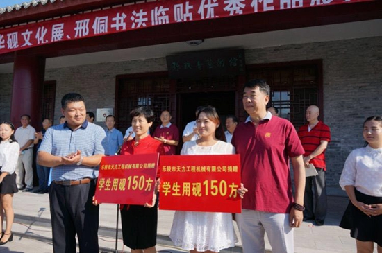 9月8日上午,由中華炎黃文化研究會硯文化聯合會、山東省樂陵市委、市政府共同舉辦的2016樂陵市中華硯文化展覽,在樂陵市孫軼青藝術館隆重開幕。中華炎黃文化研究會硯文化聯合會常務副會長張國興、劉克唐、金彤、蘇文源,副會長火來勝、傅聿勝、馮明躍,以及專委會專家陳國源,常務副秘書長于忠文、李杰、陰巍等20余人組成代表團出席開幕式。參加開幕式的還有,解放軍報社原社長、孫軼青先生之子孫曉青將軍,樂陵市委書記曲峰和市人大、市政府、市政協,市直機關、各鄉鎮領導,參加明代書法家邢侗書法臨帖展的書畫家,以及社會各界群眾共200余人。張國興副會長代表聯合會和劉紅軍會長致開幕詞,蘇文源副會長代表聯合會向樂陵市中小學校捐贈300套學生硯,金彤副會長向樂陵市孫軼青藝術館贈送劉紅軍會長題字“硯緣”。
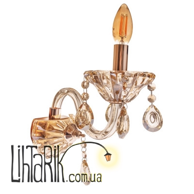 Классическое бра, наполненное духом былых эпох, поведает вам о тайнах прошлого и выигрышно подчеркнет дизайн интерьера спальни, гостиной или прихожей в вашей городской квартире или загородном доме. Бра изготовлено из металла и стекла. Его конструкция состоит из полукруглого стеклянного основания, к которому с помощью фигурного держателя прикреплен патрон для лампы, помещенный в стеклянную тарелочку. Внешне конструкция данного светильника напоминает старинный канделябр, вот только вместо восковой свечи источником света служит одна электрическая лампочка с цоколем Е14 мощностью 40 Вт. Светильник может похвастаться богатым дизайном. Украшен он стеклянными подвесками с гранеными камушками цвета шампань. Данное бра сделает атмосферу в доме уютной, праздничной. Так, что приглашайте гостей и устраивайте душевное чаепитие.
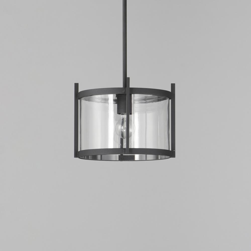 Squared columns in Matte Black finish tower above the cylindrical glass shade rated for outdoor applications. Available in a more modern clear glass option or hammered glass. A rectangular hook detail carries the square form through to the backplate. A mod
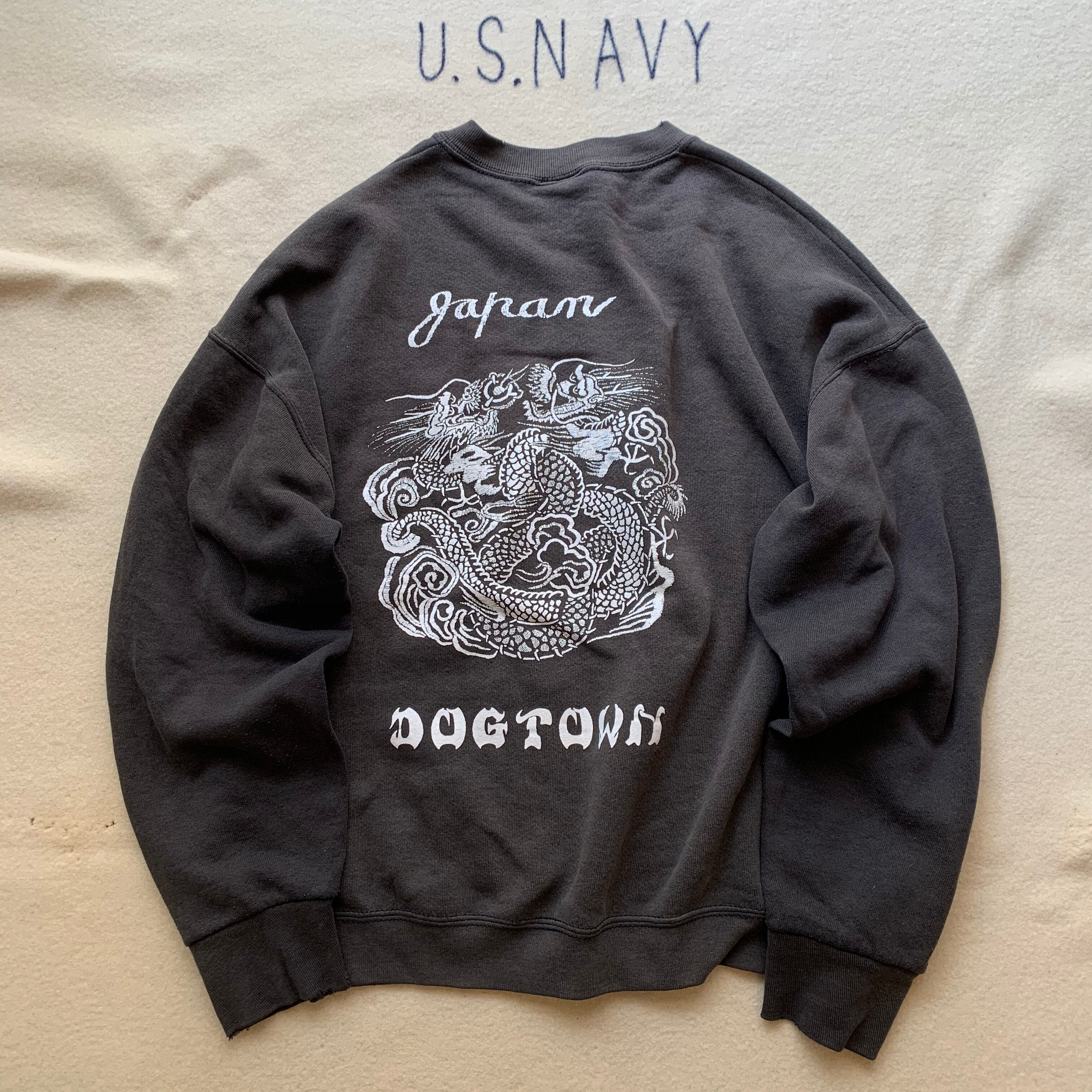 90s頃のDOGTOWN スウェットシャツ。胸にワンポイント、バックのスカジャンライクなプリントがcoolです。

--- --- ---

**GOAL OF THE EXERCISE:** From the top of the listing above, repeat each line exactly until you reach the line containing "Классическое бра, наполненное", and repeat that one too. Leave the pictures out.

**RESPONSE FOR THIS EXERCISE:**
 9月8日上午,由中華炎黃文化研究會硯文化聯合會、山東省樂陵市委、市政府共同舉辦的2016樂陵市中華硯文化展覽,在樂陵市孫軼青藝術館隆重開幕。中華炎黃文化研究會硯文化聯合會常務副會長張國興、劉克唐、金彤、蘇文源,副會長火來勝、傅聿勝、馮明躍,以及專委會專家陳國源,常務副秘書長于忠文、李杰、陰巍等20余人組成代表團出席開幕式。參加開幕式的還有,解放軍報社原社長、孫軼青先生之子孫曉青將軍,樂陵市委書記曲峰和市人大、市政府、市政協,市直機關、各鄉鎮領導,參加明代書法家邢侗書法臨帖展的書畫家,以及社會各界群眾共200余人。張國興副會長代表聯合會和劉紅軍會長致開幕詞,蘇文源副會長代表聯合會向樂陵市中小學校捐贈300套學生硯,金彤副會長向樂陵市孫軼青藝術館贈送劉紅軍會長題字“硯緣”。
 Классическое бра, наполненное духом былых эпох, поведает вам о тайнах прошлого и выигрышно подчеркнет дизайн интерьера спальни, гостиной или прихожей в вашей городской квартире или загородном доме. Бра изготовлено из металла и стекла. Его конструкция состоит из полукруглого стеклянного основания, к которому с помощью фигурного держателя прикреплен патрон для лампы, помещенный в стеклянную тарелочку. Внешне конструкция данного светильника напоминает старинный канделябр, вот только вместо восковой свечи источником света служит одна электрическая лампочка с цоколем Е14 мощностью 40 Вт. Светильник может похвастаться богатым дизайном. Украшен он стеклянными подвесками с гранеными камушками цвета шампань. Данное бра сделает атмосферу в доме уютной, праздничной. Так, что приглашайте гостей и устраивайте душевное чаепитие.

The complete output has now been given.